● DATA SHOWN:
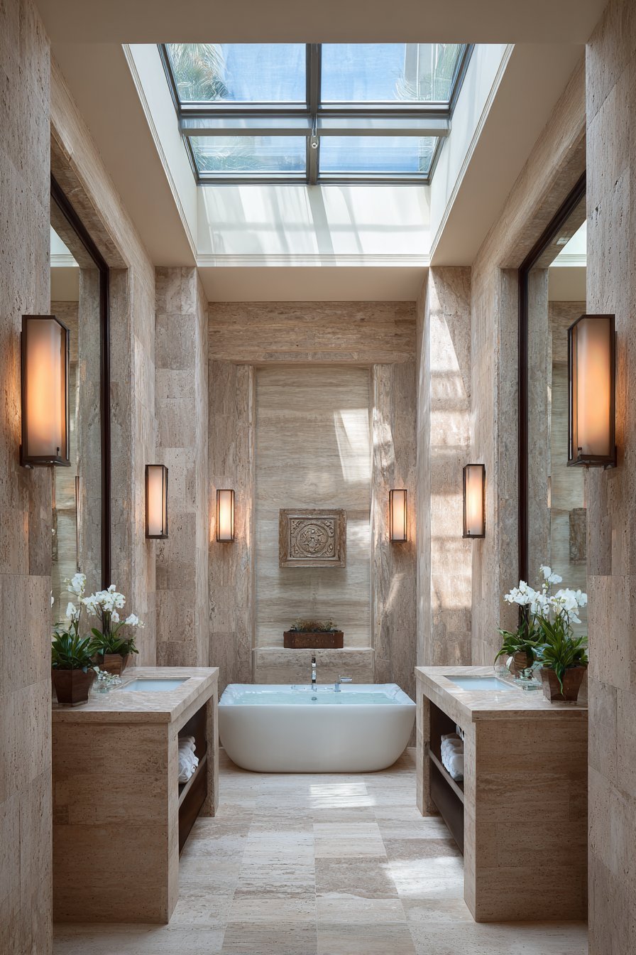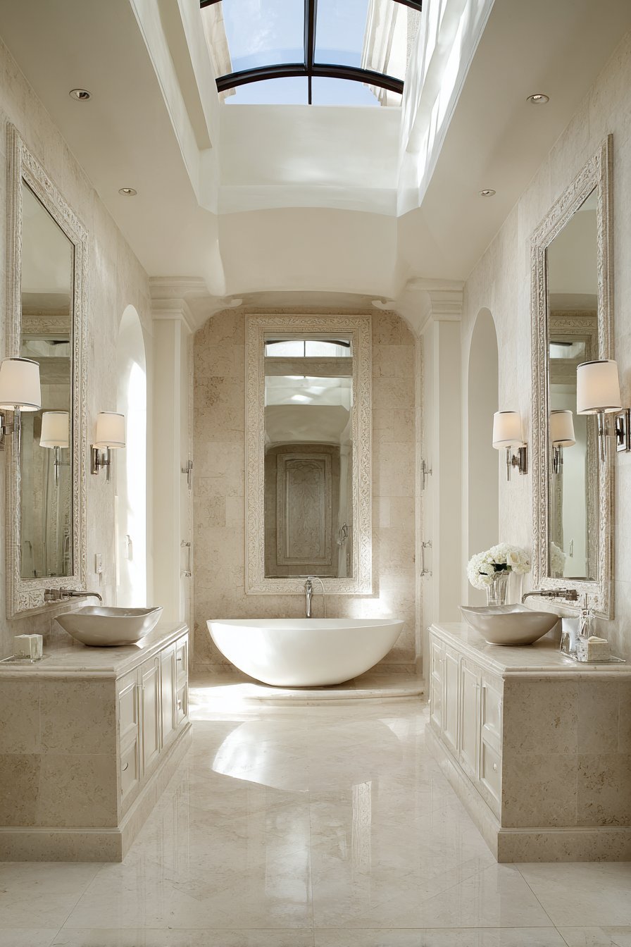 Natural light from skylight bathes the space in soft illumination. The limestone carving demonstrates exceptional craftsmanship. His-and-hers vanities receive equal treatment through matching mirrors. The grand scale creates luxurious bathroom symmetry.
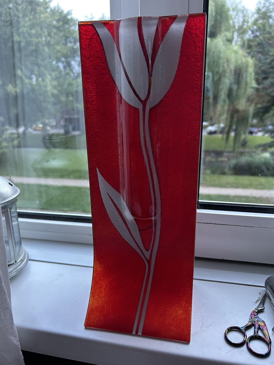 Vaso in vetro artistico fuso d'epoca Carneol, tulipano
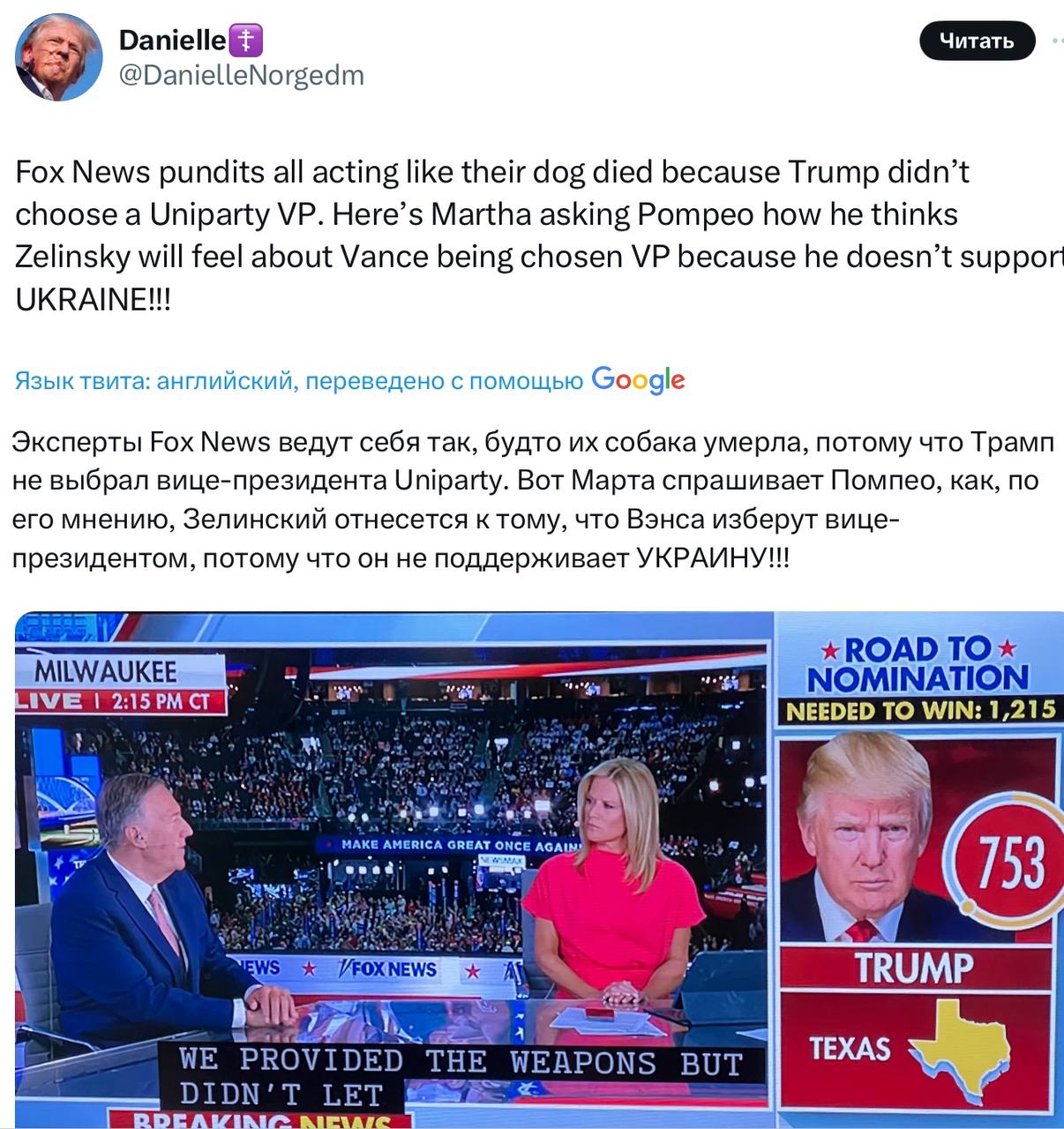 В качестве примера приводится недавний эфир, в котором ведущая спрашивает у бывшего госсекретаря США Майка Помпео, как, по его мнению, Владимир Зеленский отнесётся к тому, что Джей Ди Вэнса изберут вице-президентом, потому что он не поддерживает Украину.
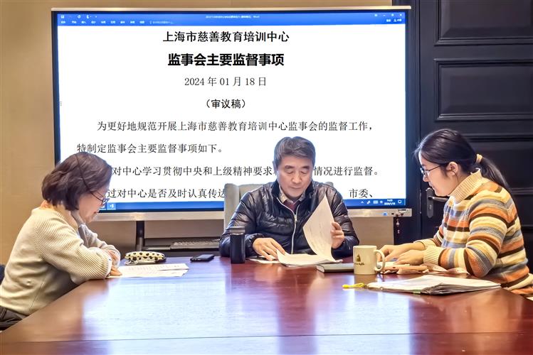 1月18日,上海市慈善教育培训中心在陕西北路会议室召开了第四届监事会第三次会议,审议了上海市慈善教育培训中心第四届理事会第三次会议议程和主要内容,审议通过了监事会的主要监督事项,讨论了从2024年起在中心每年初理事会上报告监事会工作的主要内容,通过了监事会决议。
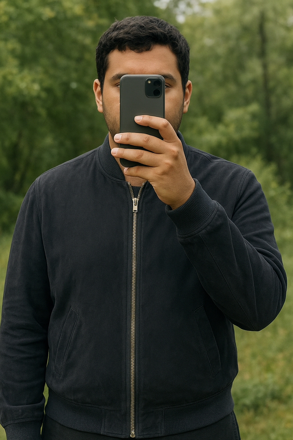 Une personne en Blouson Mango Homme - Bleu marine - Taille XL debout, face à la caméra, avec une silhouette légèrement plus ronde, en extérieur, dans un cadre naturel entouré de verdure et de lumière douce.
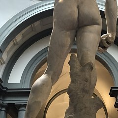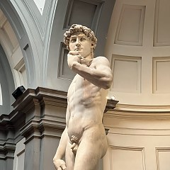 出于对文物保护的考虑,1873年「大卫像」从佛罗伦萨领主广场(Piazza della Signoria)移至学院美术馆,以避免被风雨侵蚀。
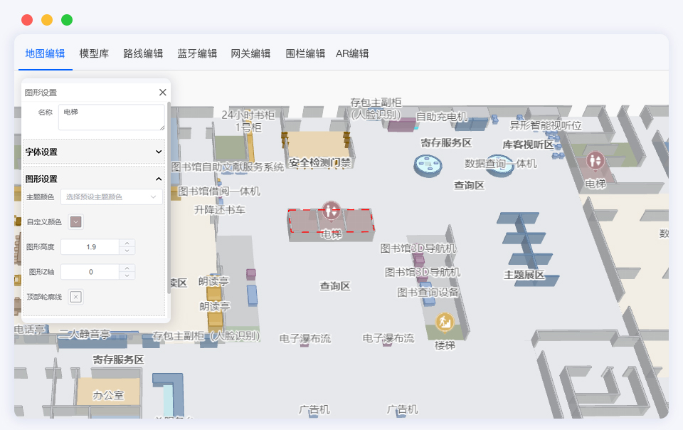 维小帮运用Three.js 3D 渲染技术,自主研发国产化的室内地图引擎,具备POI标记、路线规划、地图编辑、模型库等模块化功能,实现0基础快速绘制室内地图。

● ASSIGNED TASK: In the data above, find the line with "Une personne en" and repeat it and every line after it through the end, exactly; leave the pictures out.

● WRITTEN RESPONSE:
 Une personne en Blouson Mango Homme - Bleu marine - Taille XL debout, face à la caméra, avec une silhouette légèrement plus ronde, en extérieur, dans un cadre naturel entouré de verdure et de lumière douce.
 出于对文物保护的考虑,1873年「大卫像」从佛罗伦萨领主广场(Piazza della Signoria)移至学院美术馆,以避免被风雨侵蚀。
 维小帮运用Three.js 3D 渲染技术,自主研发国产化的室内地图引擎,具备POI标记、路线规划、地图编辑、模型库等模块化功能,实现0基础快速绘制室内地图。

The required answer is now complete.